Ekonom Soroti Fenomena Serakahnomics, Momentum RI Berbenah!

Jakarta, CNBC Indonesia - Presiden RI Prabowo Subianto mengungkap adanya mazhab baru dalam ekonomi, yaitu 'serakahnomics'. Ini adalah terminologi dari Prabowo untuk menggambarkan praktik keserakahan dalam ekonomi.
Ekonom menilai istilah serakahnomics bisa menjadi momentum untuk pembenahan struktural. Pasalnya, kosakata tersebut adalah cara untuk Presiden RI menyoroti masalah yang sudah mengakar di Indonesia. Yakni akumulasi kekayaan dan sumber daya oleh segelintir pihak.
Peneliti Ekonom Core Indonesia, Yusuf Rendy Manilet menilai selama ini banyak kelompok masyarakat kecil yang tidak punya akses setara terhadap modal, tanah, atau peluang usaha. Di sisi lain, ada kelompok yang terus mendapat kemudahan, baik dari sisi regulasi maupun jaringan kekuasaan.
Kondisi inilah yang menjadi penyebab utama sulitnya mengatasi ketimpangan dan kemiskinan di Indonesia.
Seperti yang diketahui, Badan Pusat Statistik (BPS) mencatat rasio Gini atau ketimpangan pengeluaran penduduk RI pada Maret 2025 mencapai 0,375. Angka ini menurun 0,006 poin jika dibandingkan dengan gini ratio September 2024 yang sebesar 0,381.
Sebagai catatan, nilai rasio Gini berada di antara 0-1. Jika semakin tinggi atau mendekati 1, semakin tinggi ketimpangannya.
"Kita tahu ekonomi Indonesia tumbuh cukup konsisten dalam beberapa tahun terakhir, tapi jurang antara yang punya dan yang tidak masih lebar," ujar Yusuf kepada CNBC Indonesia, Rabu (30/7/2025).
Maka dari itu, Yusuf menilai dengan penyebutan serakahnomics oleh Presiden Prabowo seharusnya menjadi dorongan politik untuk membenahi struktur ekonomi secara menyeluruh. Namun, tantangannya akan sangat besar.
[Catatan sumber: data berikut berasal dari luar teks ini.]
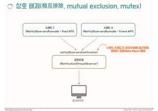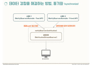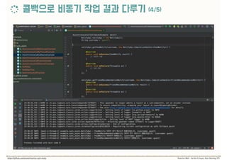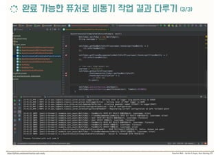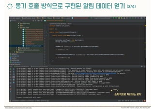 This document describes asynchronous programming techniques in Java including threads, executors, futures, and callbacks. It provides examples of making asynchronous API calls using threads, executors, futures that return results, and completion handlers with callbacks. The NotifyApi class is used to make asynchronous calls to get feed and friend notifications.

Pasalnya, mengubah pola seperti ini butuh kemauan politik yang kuat, transparansi, dan keberpihakan yang jelas pada kelompok rentan.
"Yang terpenting, kritik seperti ini sebaiknya diikuti dengan kebijakan nyata yang bisa membuka lebih banyak akses dan kesempatan bagi semua, bukan hanya memperkuat posisi yang sudah kuat," ujarnya.
Di sisi lain, Direktur Eksekutif Celios Bhima Yudhistira menjelaskan bahwa serakahnomics lahir dari dua akar persoalan besar, yakni bentuk ekonomi yang ekstraktif dan perilaku pejabat negara yang koruptif.
Menurut Bhima, para pelaku serakahnomics kerap memanfaatkan kekuasaan untuk mempengaruhi kebijakan negara, menyuap pejabat tinggi atau bahkan ikut menjadi bagian pemerintahan. Sebagai imbalan, para pelaku mendapat konsesi lahan tambang atau perkebunan yang luas.
Dalam praktiknya, Bhima mengungkapkan pelaku serakahnomics berkedok ekspor yang dilakukan secara ilegal atau disebut sebagai penghindaran pajak atau underinvoicing.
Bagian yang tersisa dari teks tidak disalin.